Anche nelle Filippine porte aperte ai fedeli della FSSPX

Il vescovo mons. Elias L. Ayuban Jr. assicura accoglienza e assistenza pastorale a quanti finora erano legati alla Fraternità, non esclusa la possibilità di aggiungere ulteriori Messe tradizionali a quelle già presenti in diocesi.

Borgo Pio 10_07_2026

La mano tesa dei vescovi ai fedeli legati alla Fraternità Sacerdotale San Pio X si estende in Asia. Una nuova lettera pastorale, datata 6 luglio, arriva dalla diocesi di Cubao dove il vescovo mons. Elias L. Ayuban Jr. apre le porte a quanti intendono restare o rientrare in comunione con Roma, consapevole che molti di coloro che hanno frequentato i luoghi di culto della Fraternità «non hanno mai avuto l'intenzione di rifiutare ciò che la Santa Madre Chiesa insegna o di disobbedire al Santo Padre» (ne dà notizia AsiaNews mentre l'intero testo è leggibile sulla pagina FB della diocesi) e sapendo che «amano sinceramente la sacra liturgia» e sono «seriamente dediti alla tradizione cattolica».

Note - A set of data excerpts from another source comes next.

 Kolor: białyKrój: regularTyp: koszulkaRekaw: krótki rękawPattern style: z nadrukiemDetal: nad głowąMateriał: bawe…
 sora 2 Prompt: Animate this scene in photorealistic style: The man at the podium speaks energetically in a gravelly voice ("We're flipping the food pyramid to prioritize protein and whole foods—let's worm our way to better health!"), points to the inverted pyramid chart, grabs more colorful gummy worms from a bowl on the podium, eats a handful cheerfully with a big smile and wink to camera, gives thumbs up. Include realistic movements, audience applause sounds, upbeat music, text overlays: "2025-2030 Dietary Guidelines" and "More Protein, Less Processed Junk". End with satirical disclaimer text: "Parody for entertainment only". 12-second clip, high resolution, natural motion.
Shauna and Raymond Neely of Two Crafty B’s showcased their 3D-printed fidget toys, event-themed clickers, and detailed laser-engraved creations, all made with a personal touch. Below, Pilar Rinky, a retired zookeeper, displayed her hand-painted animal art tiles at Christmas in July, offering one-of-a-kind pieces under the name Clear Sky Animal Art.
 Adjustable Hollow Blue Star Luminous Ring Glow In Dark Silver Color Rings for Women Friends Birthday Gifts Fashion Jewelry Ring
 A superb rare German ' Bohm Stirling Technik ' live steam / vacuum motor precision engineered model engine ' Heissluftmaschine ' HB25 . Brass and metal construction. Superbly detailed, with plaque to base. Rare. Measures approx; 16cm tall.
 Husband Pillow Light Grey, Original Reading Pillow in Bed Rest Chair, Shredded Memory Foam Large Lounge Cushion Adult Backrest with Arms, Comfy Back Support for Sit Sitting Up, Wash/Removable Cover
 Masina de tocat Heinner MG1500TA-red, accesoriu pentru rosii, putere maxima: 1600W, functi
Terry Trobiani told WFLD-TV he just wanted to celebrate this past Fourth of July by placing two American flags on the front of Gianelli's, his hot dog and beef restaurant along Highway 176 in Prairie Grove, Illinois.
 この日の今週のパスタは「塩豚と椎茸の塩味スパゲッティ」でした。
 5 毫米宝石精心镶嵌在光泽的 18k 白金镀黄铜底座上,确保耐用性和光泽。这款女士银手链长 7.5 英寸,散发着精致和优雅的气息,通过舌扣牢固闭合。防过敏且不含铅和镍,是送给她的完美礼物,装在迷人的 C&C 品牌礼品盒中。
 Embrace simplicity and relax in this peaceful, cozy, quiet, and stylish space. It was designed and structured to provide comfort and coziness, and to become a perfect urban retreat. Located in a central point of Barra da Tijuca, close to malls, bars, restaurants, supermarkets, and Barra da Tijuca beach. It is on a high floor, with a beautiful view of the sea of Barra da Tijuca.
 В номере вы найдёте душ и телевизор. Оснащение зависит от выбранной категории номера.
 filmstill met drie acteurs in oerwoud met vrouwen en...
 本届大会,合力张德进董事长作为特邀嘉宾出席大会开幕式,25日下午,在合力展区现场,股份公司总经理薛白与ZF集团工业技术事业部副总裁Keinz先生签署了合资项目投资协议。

Come a Bridgeport la linea è quella dell'accoglienza, non di una mera tolleranza. Ribadendo che le Messe celebrate dalla Fraternità sono illecite e i sacramenti del matrimonio e della confessione invalidi, il vescovo rivolge un fermo invito a non parteciparvi, manifestando a questi fedeli «carità e comprensione» e incoraggiandoli a «restare uniti alla Chiesa, cercare la guida pastorale di cui hanno bisogno e pregare per la riconciliazione e l'unità», ricordando loro che «la Messa tradizionale resta disponibile nella diocesi secondo le norme» e che «valuteremo la possibilità di aggiungere ulteriori Messe tradizionali perché siano accessibili a un maggior numero di fedeli, nel rispetto dele prescrizioni di Traditionis custodes».